General security information
Water safety standards may not be comparable to Canadian safety standards. Hotels and resorts may not have lifeguards on the beaches, and appropriate safety and rescue equipment may not be available. It is imperative that you keep informed of local water conditions and warning systems (including at your hotel) and follow instructions accordingly. Strong undertows could pose threats, especially in the Macao area. Swimmers who enter the water do so at their own risk. Remain in well-marked and supervised areas. Avoid walking on deserted or unsupervised beaches after dark.
It is also possible that aquatic equipment offered at the beach does not meet Canadian safety standards. Check that your travel insurance covers accidents related to recreational activities. Avoid participating in any water activities under the influence of alcohol or other substances.
Avoid excursions that are not recommended by tour operators.
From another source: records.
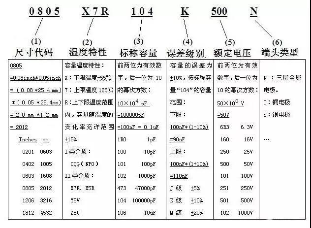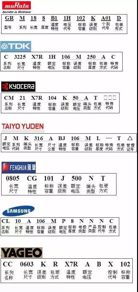 各制作商的產品規(guī)范命名規(guī)矩形式上不盡相同,但規(guī)范代號中基本上都包含:尺度、溫度特性、標稱容量、容量差錯等級、額外電壓和包裝方法等信息。
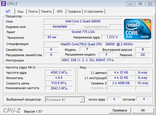 | Процессор (ядро) | Intel Core 2 Quad (Kentsfield) |
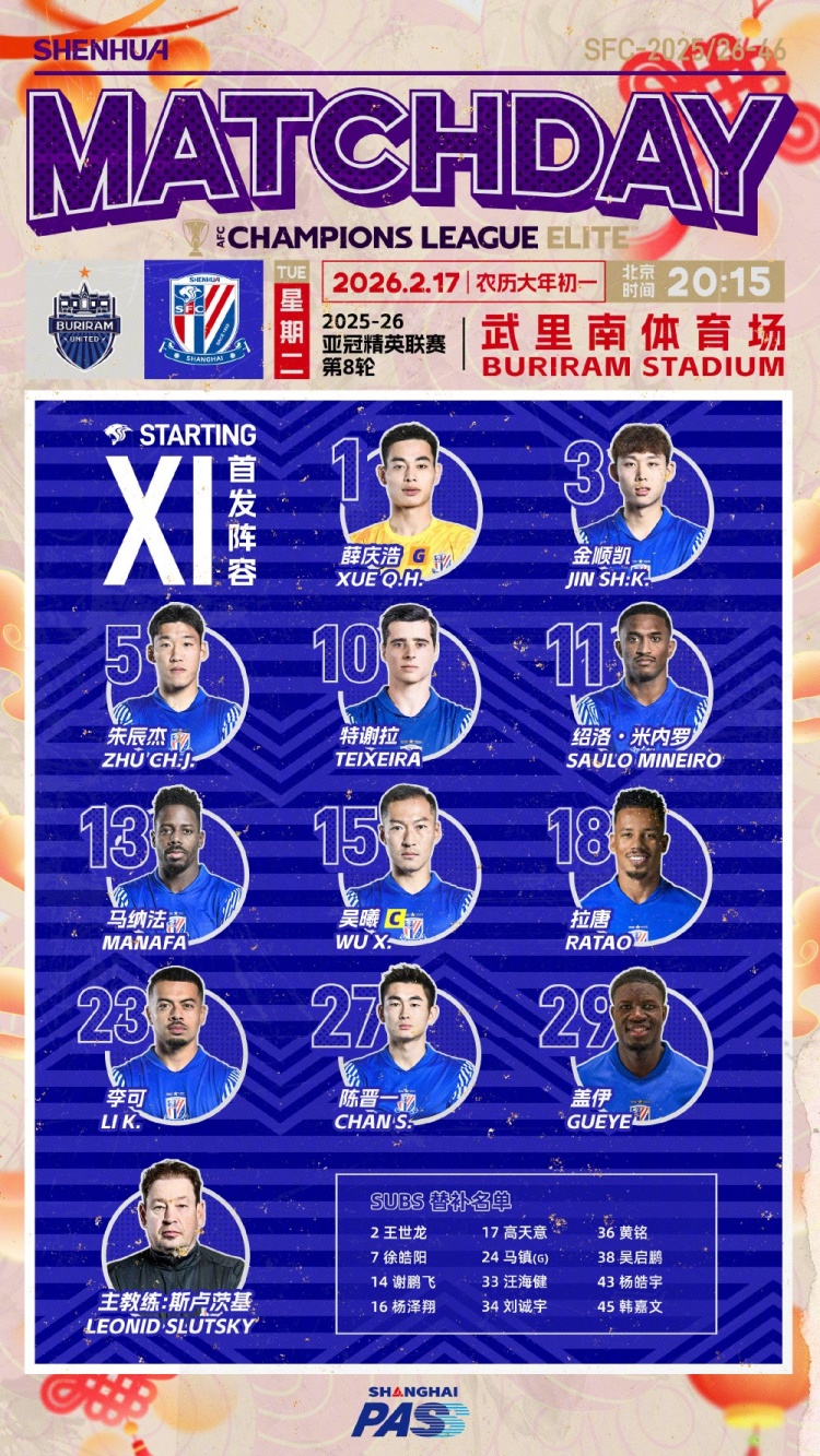 2025/26亚冠精英联赛第8轮武里南联vs上海申花首发名单

Ensure that tour operators have taken proper safety measures, including the use of safety equipment such as helmets and life jackets, before undertaking extreme or eco-tourism types of activities.
A number of cases have been reported of Canadians losing large sums of money while playing progressive keno, super keno and other keno or progressive roulette games at casinos. These games operate on a progressive wagering basis, and large amounts of money can be lost rapidly. Exercise caution in hotel casinos where these games are offered, especially when requested to provide credit card information.
The tourist police (POLITUR), a cooperative effort between the national police, secretary of the armed forces and the secretary of tourism, provide a security presence in tourist areas and first response assistance to tourists. They can be reached toll-free at 1-809-200-3500 and can help get tourists to a police station to file a report and to seek further assistance.
Dial 911 for emergency services in Santo Domingo.
Upon departure from the Dominican Republic, you cannot export more than US$10,000 or its equivalent in another currency.
The currency is the Dominican peso (DOP). U.S. dollars are widely accepted, but Canadian currency is not. Canadian currency and traveller’s cheques can be exchanged at most commercial banks and exchange booths or offices (casas de cambio) and in resort areas and major tourist hotels. Currency should be exchanged only at banks, official exchange booths and casas de cambio.